Keheningan jalan raya saat itu menyisakan tiga siswi yang saling berdiam diri di tepi, tanpa menyadari hal terburuk yang akan terjadi berikutnya di masa dekat.

***

Di pinggir jalan, seorang siswi melambaikan tangan, satu kendaraan umum perlahan berhenti. Vanilla, yang masih berseragam sekolah, naik angkutan kota berwarna kuning, masuk ke dalam lalu duduk di sebelah ibu-ibu dan murid sekolah lain. Angkot itu pun segera melaju lagi.

Di depan portal masuk suatu perumahan, Vanilla turun, membayar jasa tumpangan. Tampak rumah-rumah berdesain bagus dengan cat dan model nan estetis. Vanilla lantas berjalan menyusuri tepi, melewati rumah-rumah apik.

Langkah siswi itu terhenti tatkala dia berada di depan sebuah rumah tingkat dua berpagar hitam. Rumah tersebut memberi kesan tertutup; pintu tak terbuka, jendela terkatup, gerbang terkunci. Vanilla hanya bisa menelaah dari depan, mencoba menelisik keadaan di dalam.

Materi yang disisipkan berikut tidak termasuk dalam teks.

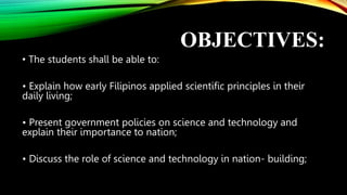 2. Early Filipinos applied scientific principles like agriculture and herbal medicine. During Spanish colonization, formal education in science and technology began but was limited by beliefs.
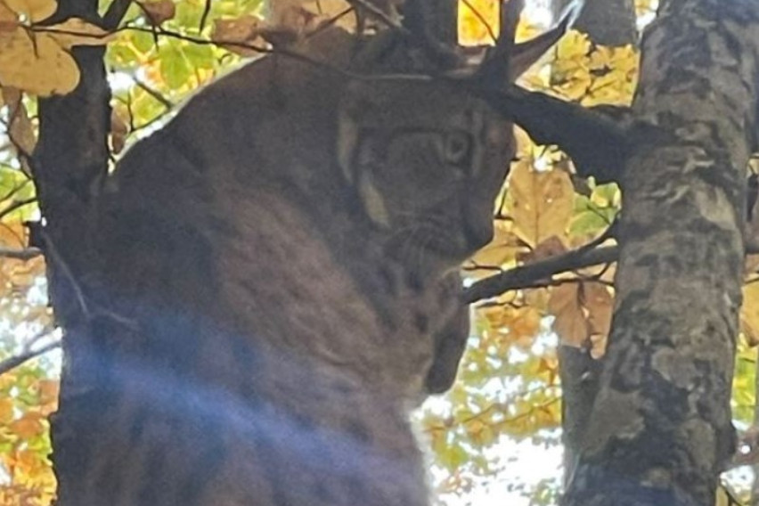[ВИДЕО] Рис снимен во Кичево: Најголемата дива мачка на Балканот забележана качена на дрво

Dia mengetuk gerbang, "Permisi...."

Hening, diketuklah lagi gerbang besi, "Permisi!"

"Permisi! Permisi! Permisi!"

Nihil, tak ada jawaban.

Vanilla memutuskan untuk menghentikan ketukan, kemudian menoleh ke kanan, kiri, belakang, untuk mencari bilamana ada sesuatu yang setidaknya bisa membantu si siswi.